Didier Girard, CTO of SFEIR a consulting company based in Paris which has been developing a number of GWT applications, gave a talk to InfoQ on goals, benefits of GWT and how it is different from Microsoft Volta.

Some important points he highlighted about GWT are:

  • GWT is a technology which enables the development of Rich Internet Applications (RIA). GWT is dedicated to building traditional information systems while Flash, SilverLight… puts emphasis on multi-media applications.
  • GWT eliminates page navigation paradigm, this is about a single page application or more exactly an entire application accessed via a single URL. One of the goals of GWT is to give a desktop like user experience with the advantages of zero-deployment and cross-browser compatibility.
  • GWT is very easy to use similar to VB. As long as a developer knows how to create a user interface in Java, he/she can use GWT.
  • In MVC architecture, GWT is the view, there are no necessities for models and controllers for a simple application. Yet, developer can make use of traditional MVC approach when the application becomes more complicated.

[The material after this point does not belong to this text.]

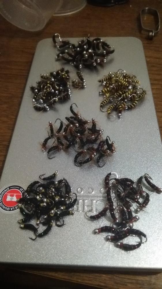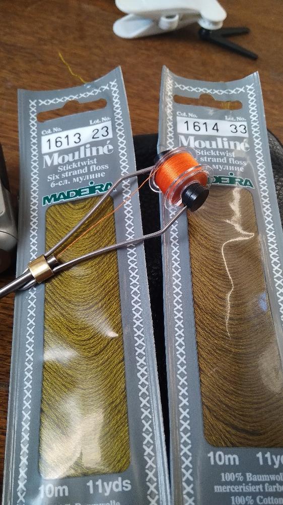 После, попытался скопировать. Не уверен что оригинал плели из таких же материалов, но у меня данная муха периодически постреливает. Регулярно ставлю ее на настрой. Осенью прошедшей, пока бродили с Серегой по острову на Лугавке, парочку так же на нее изловил.

Then he pointed out what Volta means:

  • The Volta vision goes considerably beyond GWT. GWT is a Java to JavaScript compiler while (1) Volta is independent of the programming language (a developer can generate JavaScript directly from its preferred programming language). And (2) with Volta, you can develop an application and decide where the code executes later.
  • He supposed that the first capability of Volta is surely useful but the second one is just theoretical.
  • We should think of GWT or Volta as GCC for the web and we should start viewing JavaScript as the universal web runtime and start to forget it as a programming language.

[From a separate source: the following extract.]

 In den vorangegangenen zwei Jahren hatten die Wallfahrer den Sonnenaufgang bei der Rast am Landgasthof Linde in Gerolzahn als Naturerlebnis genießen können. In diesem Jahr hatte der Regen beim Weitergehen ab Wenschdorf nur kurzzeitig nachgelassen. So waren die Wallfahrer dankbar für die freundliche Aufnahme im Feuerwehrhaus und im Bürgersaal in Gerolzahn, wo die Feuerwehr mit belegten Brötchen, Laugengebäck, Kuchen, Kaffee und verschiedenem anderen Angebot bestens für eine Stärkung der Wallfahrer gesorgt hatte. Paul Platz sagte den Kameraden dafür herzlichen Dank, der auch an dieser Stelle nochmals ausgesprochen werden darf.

And he had comments on the trend of “browser as a platform” motivated by Google:

Current browsers are incomplete, and this is why Google is developing Gears which includes a local database, a WorkerPool and a local server. This is only the first step. The second step is going to be defining interactions between the browser and the services. Google is now developing APIs to deal with synchronization issues, for instance transactional interactions between the cache and the services. Intermittent connections are really a fact of life, a lot more so than network latency and bandwidth. For instance, an iPhone is not always connected. Google is trying to solve this problem. Many other APIs may be coming for Gears : multiple files uploading API, Crypto API, Logging API, Messaging API, Location API, Desktop Shortcut API, Image Manipulation API (Just check Dion Almaer’s blog for more information). The vision behind Gears is certainly why it won the PCWorld “Most Innovative Product of the Year“.

If you are a java developer, give GWT a try, you will adopt it. And if you are a .NET developer, keep an eye on Volta, it is certainly a keystone of Microsoft web strategy.” concluded Didier Girard.

Though Didier tried to separate GWT from Volta in technology aspect and vision, I found basically they have the same approach. Both aim at generating JavaScript from server-side languages, ceasing browser incompatibility, creating single -page apps etc. How do you think?